Western blot analysis
A total of 1×106 Bel/fu cells were treated with AC10364 (150 µg/mL) and collected 0, 12, 24, or 36 h after mAb incubation. Following centrifugation at 1,200×g for 5 min at 4 °C, the pellet was lysed using P-MERTM mammalian protein extraction reagent (1 mL; Thermo Fisher Scientific, Inc.) containing 1% Halt Protease and Phosphatase Inhibitor Cocktail (Thermo Fisher Scientific, Inc.) for 30 min at 4 °C. The supernatant was collected after centrifugation at 1,200×g for 10 min at 4 °C. The protein concentration was measured using a spectrophotometer and modulated to a concentration of 5 µg/µL. The sample was denatured using sample loading buffer (Invitrogen, CA, USA) for 10 min at 95 °C and stored at 4 °C for future use.
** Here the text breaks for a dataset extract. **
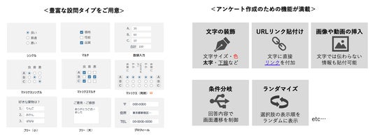 定量調査で使用される様々な設問タイプのほか、画像挿入など各種オプション機能が利用可能です。モニターアンケートも提供するSurveroidならではの本格的な調査を実施することが出来ます。

Exactly 10 µL of cell lysate protein was loaded per lane on an SDS-PAGE setup with 12% gel (approximately 50 µg/lane), transferred to polyvinylidene fluoride (PVDF) membranes (Bio-Rad Laboratories, Inc., Hercules, CA, USA), immune-blotted with AC10364 at 4 °C overnight, and probed with specific Abs, including anti-β-actin, anti-tumor protein p53 (p53) (Santa Cruz Biotechnology, Inc., Dallas, TX, USA), anti-caspase-3, anti-cleaved caspase-3, anti-caspase-9, anti-B-cell lymphoma 2 (Bcl-2), anti-Bad, anti-Bcl-xl, anti-Bcl-2-associated X protein (Bax) (Cell Signaling Technology, Inc., Danvers, MA, USA), anti-Fas (Abcam, USA). All antibodies were diluted in blocking buffer (1% BSA-TBST). The PVDF membranes were washed five times for 5 min each time, treated with the appropriate horseradish-conjugated secondary antibody (Santa Cruz Biotechnology, USA), and then incubated at a dilution of 1:5,000, in accordance with the manufacturer’s protocol, in blocking buffer (1% BSA-TBST) for 1 h at room temperature. Thereafter, the PVDF membranes were washed five times for 5 min each time and visualized using ECL chemiluminescence reagent (Thermo Scientific, USA) by Imager (Bio-Rad, USA).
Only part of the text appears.